MSMEs and small-scale industries were the subjects of study conducted by a number of researchers. The following researchers have all agreed that while large organized players benefited quickly through input credit and logistics efficiency, micro and small enterprises faced significant short-term difficulties: Ankita Verma and Priyanka Khandelwal (2018), M. Jayalakshmi and G. Venkateswarlu (2018), Nedunchezhian et al. (2018), Subhamoy Banik (2018), Shubham Khaithan (2018), Nabendu Basak (2018), and S. Deivamani et al. (2018). The obstacles faced by smaller businesses included the following: increased compliance burden, frequent return filing, portal glitches, blocked credits due to supplier non-compliance, higher working capital requirements, and fear of tax scrutiny. Nevertheless, the majority of writers argued that the challenges were temporary and that the early discomfort would be outweighed by the benefits accrued in the long run, which include formalization, a fair playing field, and the facilitation of mobility across states.

A number of detailed studies were published by Khasimpeera and Sugantha Reddy (2018), Raveendra Saradhi and Wali (2018), N. Ramalingam (2018), and Aryan Agarwal and Richa Sekhani (2018). They observed the favorable rearrangement of the supply chain, an increase in the speed of goods movement as a result of e-way bills, and a decrease in transaction costs (up to 3.5 times in certain states), but they also emphasized the fact that sourcing was being shifted in favor of registered suppliers and that compliance costs were rising for dealers who were not registered.
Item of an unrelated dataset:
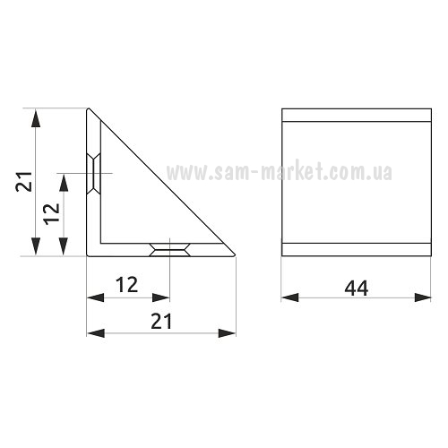 Уголок двойной 44х21х21 пластиковый GIFF белый (23430)

Subsequent Empirical Studies (2019–2023) After two to five years of implementation, Shetty Deepa Thangam Geeta (2019), Shivani (2019), Basavanagouda (2020), Gautam (2022), and Kanimozhi (2023) redirected their emphasis toward ground realities. Their findings revealed that a significant number of the advantages that were promised—such as simpler compliance, a single market, and decreased logistical time—had been realized; nevertheless, the level of MSME readiness remained low, and the ongoing existence of errors in GSTN continued to create difficulties in seamless filing. Shetty Deepa Thangam Geeta (2019) said that there was only a minor effect owing to network challenges and a lack of awareness. Gautam (2022) said that the web interface was seen in different ways: some people found that it made it easier to comply, while others found that it raised expenses and limited the options available to them when making purchases. The authors of the studies conducted by Basavanagouda (2020) and Shivani (2019) both emphasized the need of small and medium-sized enterprises (MSMEs) keeping up with technology advancements and developing digital literacy in order to survive and thrive in the long run.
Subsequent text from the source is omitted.